──────── Data for this exercise
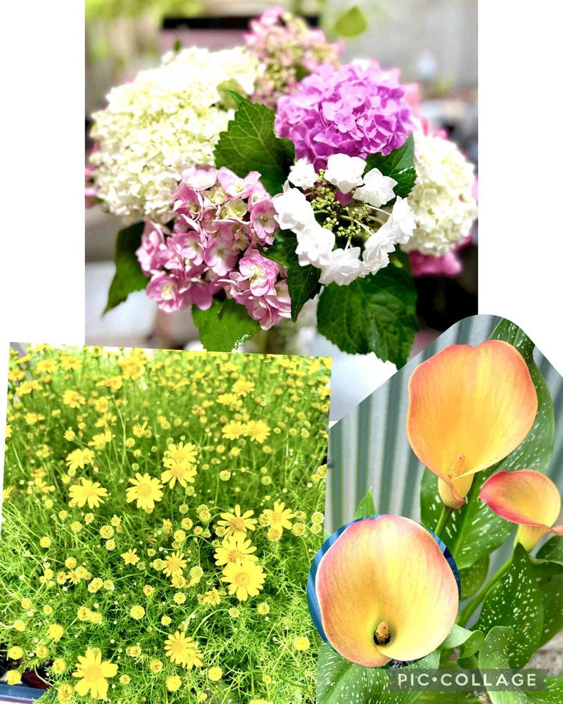 頂いた紫陽花と小さな黄色いデージーと鉢植えのカラー真っ黄色だった筈が少しオレンジ色も混ざっています💕
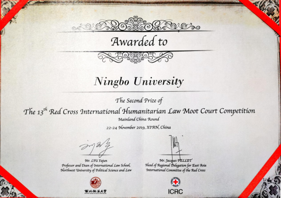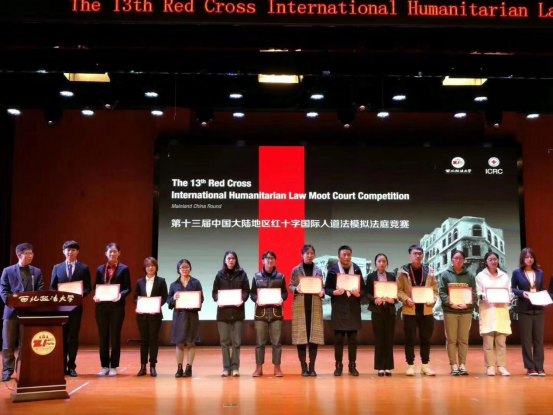 2019年11月22日至24日,由红十字国际委员会、西北政法大学共同主办的第十三届中国大陆地区红十字国际人道法模拟法庭竞赛(The 13thRed Cross International Humanitarian Law Moot Court Competition Mainland China Round)在西北政法大学举行。我校首次组队参加全英文的国际模拟法庭比赛。代表队由博彩论坛
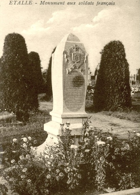 Localisation: Cimetière communal, Rue du Cimetière. Coordonnées GPS: +49°40'35.9", +5°36'10.5" Inscriptions Face avant "RF LIBERTÉ - ÉGALITÉ - FRATERNITÉ LES HABITANTS D'ETALLE ONT ÉRIGÉ CETTE PIERRE À LA MÉMOIRE DES DIX-NEUF SOLDATS FRANÇAIS, TOMBÉS CHEZ EUX, AU MOIS D'AOÛT 1914, POUR LEUR PATRIE ET POUR LEURS ALLIÉS. ICI REPOSENT : [Deux noms, classés par ordre alphabétique, avec mention du grade et du régiment] DEUX SOLDAT FRANÇAIS INCONNUS" Face latérale droite "1940 - 1945 SOLDATS FRANÇAIS TOMBÉS À ETALLE POUR LEUR PATRIE LE 10-5-1940 [Quinze noms, classés par grade] UN INCONNU ST" Plaque au pied du monument "LE 18EME R.C.C. À SES MORTS LE 6/5/78" Voir les noms gravés sur le monument |
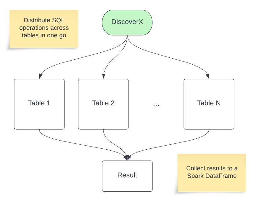 DiscoverXを用いることで、複数テーブルに対するスキャンやSQLの適用を一度に行うことができます。
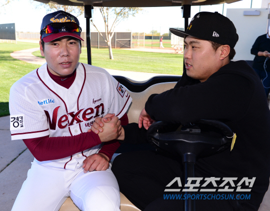한국의 두 메이저리거가 만났다. 피츠버그에 입단한 강정호가 절친 류현진과 만났다. 류현진은 강정호가 넥센 선수들과 함께 훈련에 임하고 있는 애리조나 서프라이즈 훈련장을 찾아 친구와 반가운 만남을 가졌다. 류현진은 애리조나에서 개인 훈련을 하고 있었다. 강정호의 훈련이 끝나길 기다린 류현진이 강정호와 반갑게 만나 포즈를 취하고 있다. 서프라이즈(미국 애리조나)송정헌 기자 songs@sportschosun.com/2015.01.18
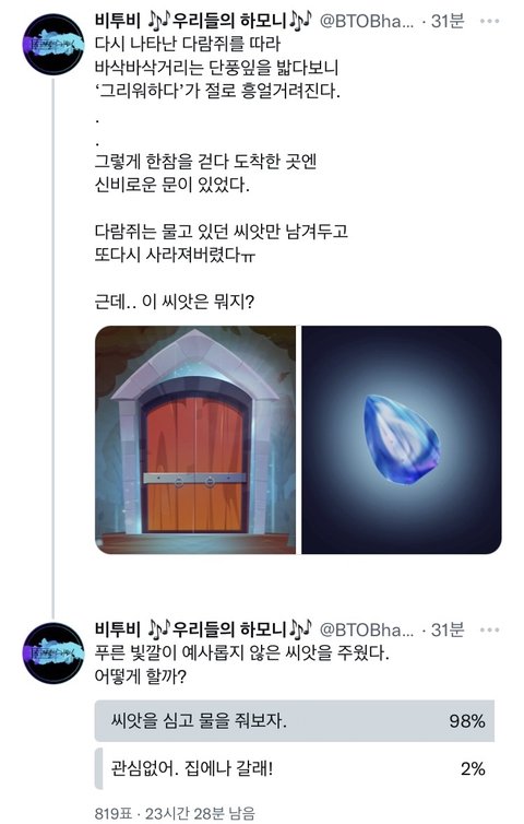 이번 투표는 여기! https://twitter.com/btobharmony/status/1453693175990681602?s=21
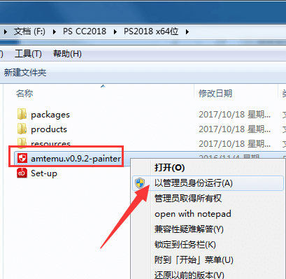 1. 第一次使用,安装的时候我们需要注册一个账号,点击“获取Adobe ID“已经有账号的用户可以直接登陆。2. 加载完成后会自动打开软件, 如果不自动打开可以从菜单栏里面找到Ps cc2018图标打开,接着我们点击右上方关闭按钮退出软件。3. 接着找到注册机 鼠标右击amtemu.v0.9.2-painter,选择以管理员的身份运行
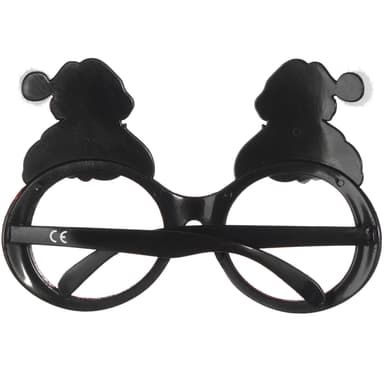 Accessoaren roliga glasögon jultomtar består av en böjbar ram med stora plastglas och rött glittrande kant. På toppen sitter jultomtar med luvor med fluffiga tofsar, material: plast.
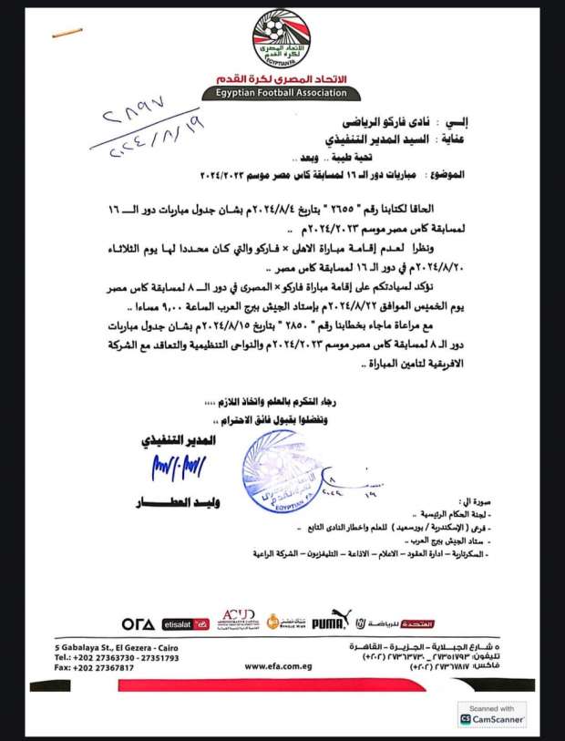 وأرسل الاتحاد المصري لكرة القدم خطابًا رسميًا لنادي فاركو يبلغه خلاله بأنه تم إلغاء مباراة الفريق أمام الأهلي، والتي كانت مقررة غدًا باستاد القاهرة الدولي، ومن ثمّ تأهل الفريق للدور ربع النهائي.
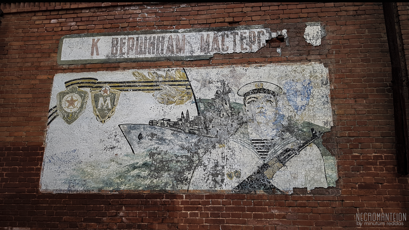 Письма и сочинения, начертанные от руки, надежно скрытые от вездесущего Времени по шкафчикам уцелевших тумб. Я не вчитывался — чужие откровения должны остаться негласными, — но держать в руках эту бумагу, прикоснуться к чужим переживаниям было приятно. В одной из комнат нашел шинель – черную, потому как военно-морская, и с одним рядом застежек, ибо матросская, - рисунок на пуговицах которой забился пылью. Взял одну на память (:
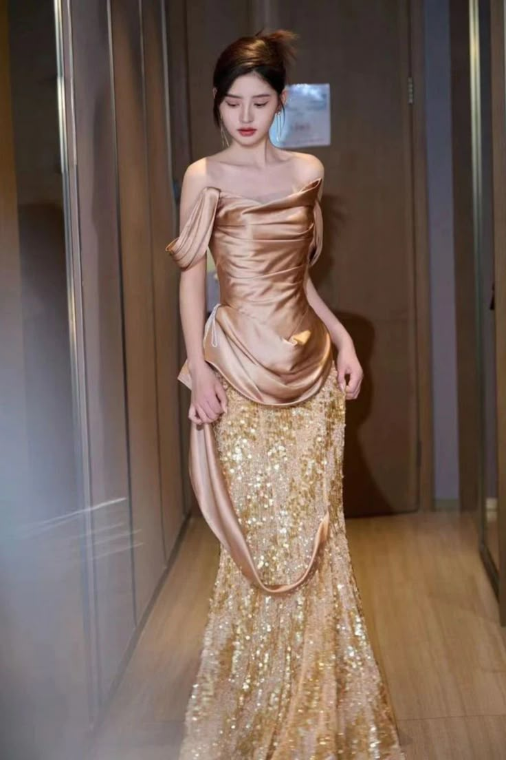 Elegant Gold Satin Sequin Strapless Mermaid Evening Dress Sparkly Prom Dress Y8716
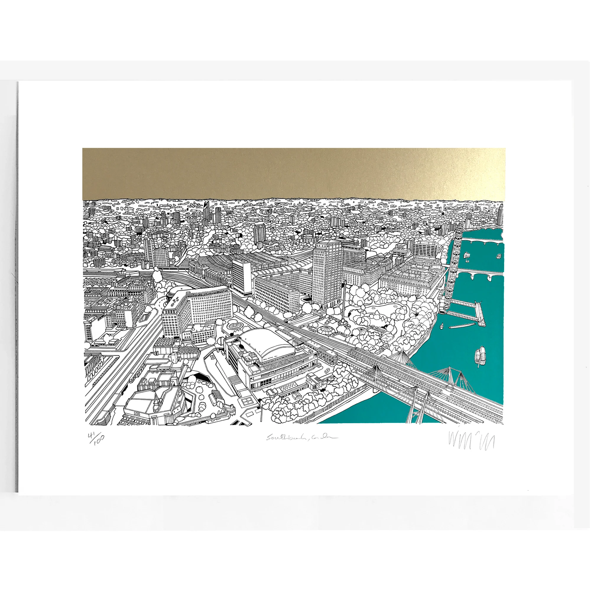 Having carefully illustrated this iconic area of London’s riverside, Will has hand screen-printed this limited edition A2 screen print in a rich pale gold, turquoise and black.
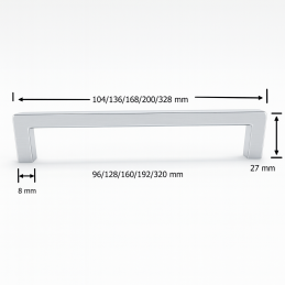 Úchytka ERON je dostupná v různých délkách, abyste ji mohli přizpůsobit každému typu dvířek nebo zásuvek.
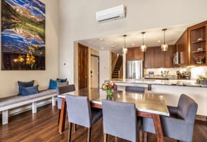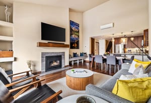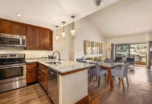 Residence 518 at The Seasons at Avon is a 3 bedroom, 3 bath south facing residence that has been completely reimagined from its original condition. It delivers a refined mountain home with high level finishes including air conditioning for year round comfort & fully furnished and curated with artwork. Located in a building that allows unrestricted short term rentals, this is a rare opportunity offering a compelling investment option while also serving as an exceptional residence for personal enjoyment. The open layout connects the living, dining, and kitchen areas, anchored by a gas fireplace and oriented toward Beaver Creek Mountain views. The private patio offers direct ski slope views and a grill for convenient outdoor cooking. Enjoy morning coffee, gatherings, and evening wine as the gondola glides up the mountain. Kitchen features an island with seating capacity for 4, honed granite countertops, custom cabinetry, and a dining area that seats 6. Bathrooms include honed granite, undermount sinks, European glass showers, and in floor radiant heat. The primary bath is spacious and spa inspired with an expansive walk in shower and jetted tub. The upper level primary suite includes 3 closets, a spacious bedroom, and a well appointed bathroom. The Seasons at Avon has on site ski storage, providing convenient gear access and an easy transition to the Riverfront Express Gondola. Residents enjoy access to the Westin Riverfront Resort & Spa nearby with memberships and punch pass options, as well as the Avon Recreation Center with pools, slides, climbing wall, and fitness facilities. Located in the heart of Avon with easy access to dining, shopping, Nottingham Park and Avon Lake, and a short walk to the Riverfront and gondola. The Avon shuttle stops just outside, with a nearby shuttle to Beaver Creek Village for dining, après, and evening enjoyment. The Seasons also offers two guaranteed unassigned parking spaces included, plus access to a separate guest parking garage.
────────────────
Print the lines from the one holding "Úchytka ERON je" through the last line of the records, word for word, and omit the pictures.

The completed task
 Úchytka ERON je dostupná v různých délkách, abyste ji mohli přizpůsobit každému typu dvířek nebo zásuvek.
 Residence 518 at The Seasons at Avon is a 3 bedroom, 3 bath south facing residence that has been completely reimagined from its original condition. It delivers a refined mountain home with high level finishes including air conditioning for year round comfort & fully furnished and curated with artwork. Located in a building that allows unrestricted short term rentals, this is a rare opportunity offering a compelling investment option while also serving as an exceptional residence for personal enjoyment. The open layout connects the living, dining, and kitchen areas, anchored by a gas fireplace and oriented toward Beaver Creek Mountain views. The private patio offers direct ski slope views and a grill for convenient outdoor cooking. Enjoy morning coffee, gatherings, and evening wine as the gondola glides up the mountain. Kitchen features an island with seating capacity for 4, honed granite countertops, custom cabinetry, and a dining area that seats 6. Bathrooms include honed granite, undermount sinks, European glass showers, and in floor radiant heat. The primary bath is spacious and spa inspired with an expansive walk in shower and jetted tub. The upper level primary suite includes 3 closets, a spacious bedroom, and a well appointed bathroom. The Seasons at Avon has on site ski storage, providing convenient gear access and an easy transition to the Riverfront Express Gondola. Residents enjoy access to the Westin Riverfront Resort & Spa nearby with memberships and punch pass options, as well as the Avon Recreation Center with pools, slides, climbing wall, and fitness facilities. Located in the heart of Avon with easy access to dining, shopping, Nottingham Park and Avon Lake, and a short walk to the Riverfront and gondola. The Avon shuttle stops just outside, with a nearby shuttle to Beaver Creek Village for dining, après, and evening enjoyment. The Seasons also offers two guaranteed unassigned parking spaces included, plus access to a separate guest parking garage.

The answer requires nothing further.